[ 
https://issues.apache.org/jira/browse/CASSANDRA-4718?page=com.atlassian.jira.plugin.system.issuetabpanels:comment-tabpanel&focusedCommentId=13629447#comment-13629447
 ] 

Jonathan Ellis commented on CASSANDRA-4718:
-------------------------------------------

Let me give a little more color as to what our existing stages are.  Most of 
these are ThreadPoolExecutors connected by LinkedBlockingQueue.

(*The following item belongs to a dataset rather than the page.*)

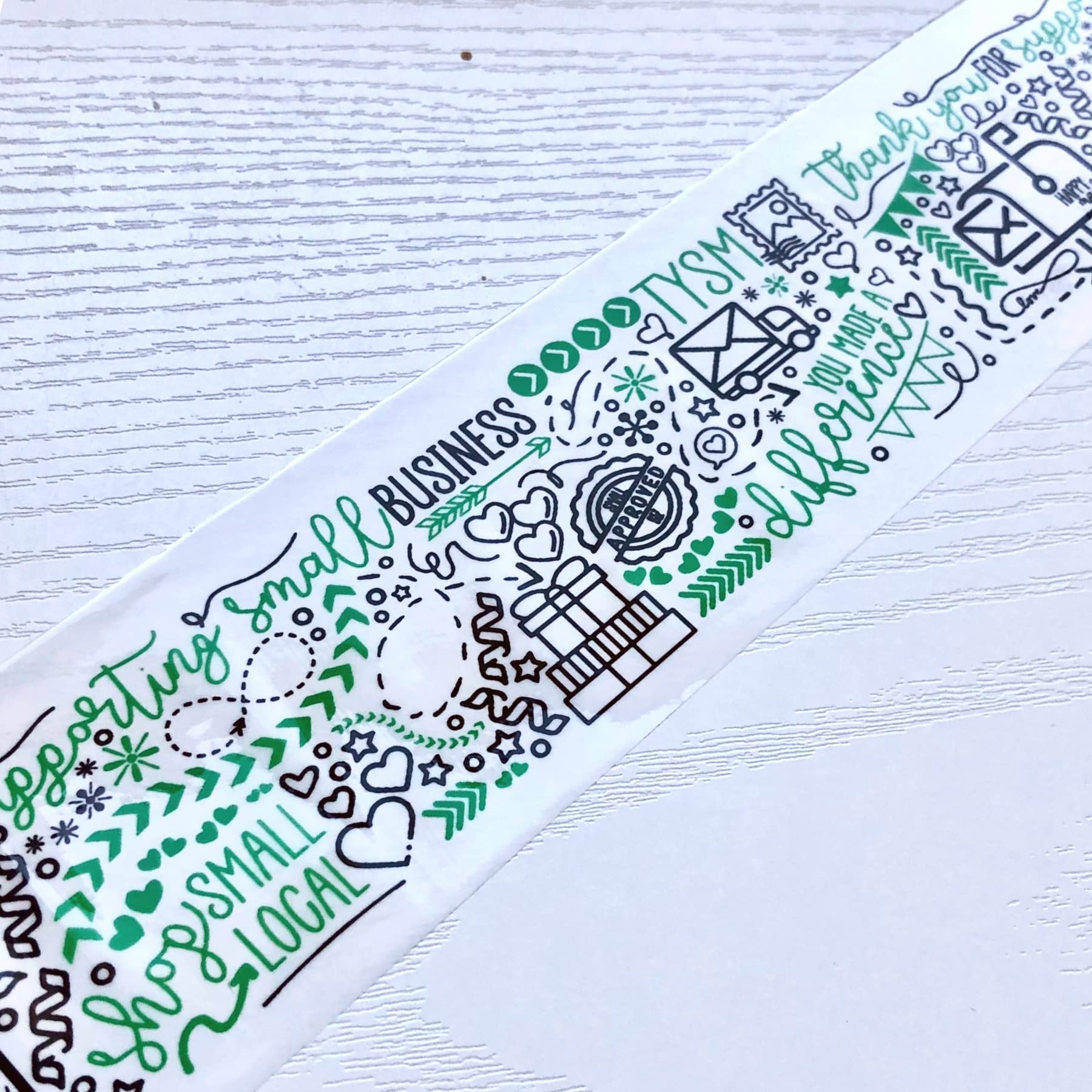 This fun shipping tape was designed with small business owners in mind! As a business owner myself, I struggled to find cute, durable packing tape at a reasonable price - so I decided to make my own! Each roll of tape measures approximately 2" wide and is 1.9 mil thick. This tape is strong enough to

A client sends each request to a node in the cluster called the Coordinator.  
The coordinator stages are
# Request: either Thrift or Netty reads the request from the client
# StorageProxy: the coordinator validates the request and decides which 
replicas need to be contacted
# MessagingService (out): the coordinator sends the requests to the appropriate 
replicas
# MessagingService (in): the coordinator reads the reply
# Response: the coordinator processes callbacks for the reply
# StorageProxy: this thread will have been waiting on a Future or a Condition 
for the callbacks, and can now reply to the client

When a replica receives a message, it also goes through a few stages:
# MessagingService (in): the replica reads the coordinator's request
# Read or Write: fetch or append the data specified by the request
# MessagingService (out): the replica sends the result to the coordinator

So the obstacles I see to incorporating Disruptor are

- MessagingService.  This is an exception to the rule in that it is not 
actually a ThreadPoolExecutor; we have a custom thread pool per replica that 
does some gymnastics to keep its queue from growing indefinitely when a replica 
gets behind (CASSANDRA-3005).  MS uses blocking sockets; long ago, we observed 
this to give better performance than NIO.  I'd be willing to evaluate redoing 
this on e.g. Netty, but:
- More generally, requests are not constant-size, which makes disruptor Entry 
re-use difficult
- The read stage is basically forced to be a separate thread pool because of 
blocking i/o from disk
- StorageProxy is not yet asynchronous

Addressing the last of these is straightforward, but the others give me pause.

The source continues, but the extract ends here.